Christopher Eccleston is an actor many people will immediately know as the 9th incarnation of The Doctor in Doctor Who, but he is far more than that. As much as he is known for being picky about the roles he takes on, he is a talented dramatic actor who has tackled a variety of different roles and films. He is known for having a preference for drama, but his film performances deserve recognition. Here are some films he’s been in you definitely need to see.
So how can we discuss Eccleston's film CV without mentioning arguably the most famous film he's ever been in? The sequel to Thor sees Eccleston play Malekith, the ruler of the Dark Elves of Svartalfheim on a quest for vengeance. Amongst actors of a younger generation such as Tom Hiddleston and Chris Hemsworth, Eccleston is able to maintain his own distinctive presence on screen. Maybe now Eccleston will start to achieve a more critically acclaimed reputation internationally beyond his TV timelord role? Who knows. All we know is that here in Thor: The Dark World he shows mainstream audiences just why he is rightly known as one of Britain's most talented actors in modern times.
This 1991 film was Eccleston’s film debut and what a debut it is! Starring as the tragic Derek Bentley, he takes us through the whirlwind this teenager endures with his brushes with the law. Many representations of people with mental disabilities tend to be patronising and somewhat insulting, but this is not the case here. Eccleston’s performance is pitch perfect in showing the naivete and child-like qualities in Bentley. It’s a no-nonsense kind of film and as explained in our review, it’s worth having a box of tissues at the ready before watching this film. It’s emotional power is hard to match.
Eccleston was still little-known when he was cast as David Stephens in the 1995 hit film Shallow Grave. This film sees him play the chartered accountant housemate of journalist Alex (played by Ewan McGregor) and physician Juliet (played by Kerry Fox). The trio find their fourth housemate Hugo (Keith Allen) dead in his room with a large suitcase full of money. They bury Hugo, dismembering his body to prevent it being identified and hang on to the money with dangerous consequences. The unfolding of David is brilliantly portrayed by Eccleston. It’s a psychological thriller that keeps the audience on the edge of their seat. McGregor, Eccleston and Fox are all excellent in their roles. It’s no wonder this film was the most commercially successful British film in the year of its release.

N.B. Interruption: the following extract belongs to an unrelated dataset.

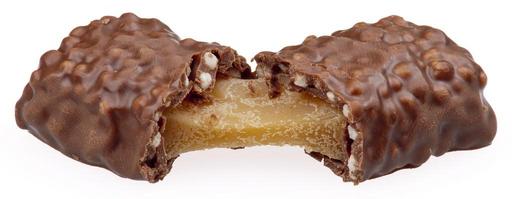 Keywords: chocolate candy bar caramel nuts sweet brown snack tasty unwrapped broken eat food

This film is based on the book Jude the Obscure written by Thomas Hardy in 1895. It tells the tale of Jude, an intelligent lower-class man who has dreams of studying at university. Circumstances force him down a different route and after an unsuccessful marriage where his wife ran off to Australia, he meets and falls for his cousin Sue, played by Kate Winslet. What follows is a rough journey for the pair with their union having tragic consequences. The film is raw in emotion, simple in its approach and shows excellent performances from Winslet and Eccleston. The final scene holds possibly one of Eccleston’s best delivered lines as the down-on-his-luck protagonist. It’s a brutally honest film that leaves its mark.
This 1998 film is the first of two films with Cate Blanchett as Queen Elizabeth I. It shows the young queen at the beginning of her reign following the death of her half-sister Queen Mary I. She has to deal with a number of threats to her throne, including from the 4th Duke of Norfolk, played by Eccleston. His performance as the devious Duke is an excellent one. Whilst not as dramatic as some of his other roles, he still manages to hold his own in an all-star cast that includes the late Baron Richard Attenborough and Geoffrey Rush. His distinctive style works well in his period piece about one of the best known British monarchs who ever lived.